In this study, we address the mechanism whereby LM induces an oxidative burst, as determined by lucigenin-enhanced chemiluminescence (LCL). It is not known whether LM triggers receptors of phagocytes via bacteria-bound opsonins or whether it is able to trigger the generation of ROI directly and, if so, which phagocyte population(s) react(s) to LM. Furthermore, the requirement of viability has not been examined. We found that both viable and heat-killed LM (LMΔ) showed an oxidative burst of similar magnitude, and no opsonization by antibody or complement was required. This prompted the search for pathogen-associated molecular patterns (PAMP) involved in triggering a LCL signal. Using various highly purified Toll-like receptor (TLR) agonists, evidence is provided suggesting that bacterial PGN is the mediator of an LCL response in all phagocyte populations tested (neutrophils, monocytes and Mφ).

Materials and methods

Preparation of Listeria monocytogenes

Bacteria from a frozen stock of LM, strain EGD [7], were cultured overnight in Tryptic soy broth (Difco, Detroit, MI, USA) at 37°C and grown to log-phase for an additional 3 h at 37°C. LM was heat-inactivated (1 h at, 65°C; LMΔ). LMΔ was either left unopsonized or opsonized with fresh-frozen human serum for 1 h at 37°C (LMS) thereby allowing the fixation of complement, or treated with polyclonal rabbit IgG specific for L. monocytogenes (serotypes 1 and 4, Difco) for 1 h at 37°C (LM + AB). Still other bacteria were treated first with antibodies, then with fresh serum (LM + ABS). Appropriate binding of antibodies and/or complement was verified either by phagocytosis experiments (see below) or by immunohistochemistry [13]. Bacterial preparations were aliquoted and stored at −80°C. In some experiments a flagellin-deficient mutant (LM flag FlaA LuxAB) and its corresponding wild-type (LM 7973 wt prfa) [15] were treated accordingly.

Phagocyte isolation and culture

Heparinized blood was collected from healthy volunteers. To remove erythrocytes blood was placed over a layer of 1·41% (w/v) methocell (methyl cellulose A15 premium; Prochem AG, Zurich, Switzerland) in sodium metrizoate (11·26% v/v; Sigma, St Louis, MO, USA) and allowed to sediment at 1 g for 45 min. Leucocyte-enriched supernatants were removed and peripheral blood leucocytes were separated by centrifugation over Lymphoprep (Biochrom KG, Berlin, Germany) into periperal blood mononuclear cells (PBMC; interphase) and granulocytes (sediment). After washing with phosphate buffered saline (PBS), fractions were resuspended at 1 × 106 cells/ml in Hanks’ balanced salt solution (HBSS) with 1·25 mm Ca2+ and 0·81 mm Mg2+, pH 7·2–7·3 (HBSS2+) and tested immediately for LCL. Neutrophils (PMN) within the granulocyte fraction (sediment) had a purity of >98%. PBMC contained, on average, 25% monocytes, the remainder being lymphocytes. Only the monocytes, but not the lymphocytes, contributed to LCL, as determined by magnetobead separation experiments (Jungi, unpublished).

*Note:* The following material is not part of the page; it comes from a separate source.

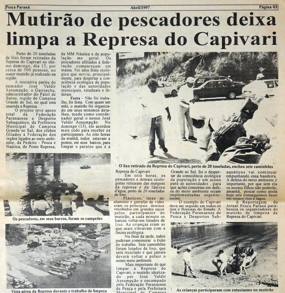 Вот статья, опубликованная в апреле 1997 года в его газете «Pesca Paraná» («Рыбалка в Парана»), в которой рассказывается об одном из мероприятий по уборке. В статье подчёркивается, что из водохранилища были вывезены тонны мусора.

For the preparation of mature Mφ blood donations from healthy volunteers were used, and PBMC were isolated essentially as described above, followed by adherence purification of monocytes as reported previously [16]. Adherent cells were cultured overnight, followed by dislodgement and culturing in Teflon bags as described previously [16]. Within 1 week, monocytes differentiated into mature resting Mφ [16,17].

Measurement of an oxidative burst

In pilot experiments, several chemiluminescence-based and flow cytometry-based methods were compared and essentially performed as described [18]. To prove that the signal measured represented superoxide anion production, LCL was blocked by superoxide dismutase (SOD, 1000 U/ml; Sigma). This prompted us to examine the effect of LM on ROI generation by LCL, as detailed below.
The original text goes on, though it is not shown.